Gary Boas, firstname.lastname@example.org
LONDON; VIGO, Spain; and PISCATAWAY, N.J. – Researchers have devoted considerable effort to developing materials for bone regeneration in the wake of damage or disease. Their studies have focused on producing tissue scaffolds that can mimic the natural extracellular matrix, often exploring the potential of bioactive glass fibers for directing and mediating cell growth.
A variety of techniques for generating these fibers have been described. In the Oct. 19, 2009, issue of Advanced Functional Materials, investigators from the University of Vigo, from Rutgers University in Piscataway and from Imperial College London reported a “laser spinning” method that yields a mesh of disordered intertwined freestanding fibers. The technique offers several important advantages over other approaches to producing bioactive glass fibers.
Developed by Félix Quintero and colleagues in the applied physics department at the University of Vigo, the technique begins with a small volume of precursor ceramic material that is melted at very high temperatures using a high-power laser (in the current study, a Rofin DC 035 CO2 emitting at 10,600 nm with 2.5 kW of power). At the same time, a high-velocity gas jet blows the molten ceramic, stretching and cooling it very quickly. Because this process occurs at such high speeds, the final structure is amorphous and, thus, essentially bioglass. Also, the extremely rapid stretching of the material leads to considerable length-to-diameter ratios – as much as 1,000,000:1.
Researchers have developed a method with which to produce glass nanofibers for use in bone regeneration applications. The technique yields fibers that more closely mimic the natural extracellular matrix and, furthermore, can be used with the bioactive glass known as 45S5, which is widely used clinically but is not readily drawn into fibers.
Controlling the melting of the precursor and simultaneous elongation of the fluid filaments – so as to achieve minimum breakup of the filaments into spheroidal droplets – proved challenging, Quintero said, but a detailed study of the process helped address this objective.
Using the technique, the researchers obtained fibers from materials that cannot be formed into fibers using more conventional methods. Thanks to its ability to produce fibers from very fragile melts, Quintero said, the investigators succeeded in generating fibers with the BioGlass composition.
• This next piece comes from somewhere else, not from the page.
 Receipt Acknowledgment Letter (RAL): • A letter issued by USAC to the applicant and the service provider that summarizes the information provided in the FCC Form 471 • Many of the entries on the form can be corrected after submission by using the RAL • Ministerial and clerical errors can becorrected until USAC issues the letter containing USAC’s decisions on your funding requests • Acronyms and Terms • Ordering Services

BioGlass, a commercially available bioactive glass also known as 45S5, is widely used clinically but not easily drawn into fibers because of devitrification – a process in which a material is rendered crystalline and brittle – which often takes place during the fiber drawing.
At the same time, the researchers reduced the diameter of the fibers down to the nanometer scale; bioactive glass fibers generated by other means typically are in the range of 200 to 300 nm. The smaller fibers more closely resemble the collagen fibers in the extracellular matrix. Tissue scaffolds incorporating the fibers therefore will elicit the same or similar behavior from cells.
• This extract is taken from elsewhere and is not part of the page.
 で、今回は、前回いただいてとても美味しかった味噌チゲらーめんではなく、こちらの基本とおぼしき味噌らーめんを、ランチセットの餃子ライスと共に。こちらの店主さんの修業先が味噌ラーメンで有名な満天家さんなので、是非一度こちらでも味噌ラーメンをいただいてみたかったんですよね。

The researchers now are working to scale up the technology to produce an industrial prototype. They also are performing in vitro and in vivo animal studies in preparation for the approval processes required before it can be used clinically for bone regeneration applications.
Beyond this, they are looking into using the technique for various materials and applications. “We are working on other functional compositions, such as alumina-based nanofibers, useful to produce new fire-resistant fabrics,” Quintero said.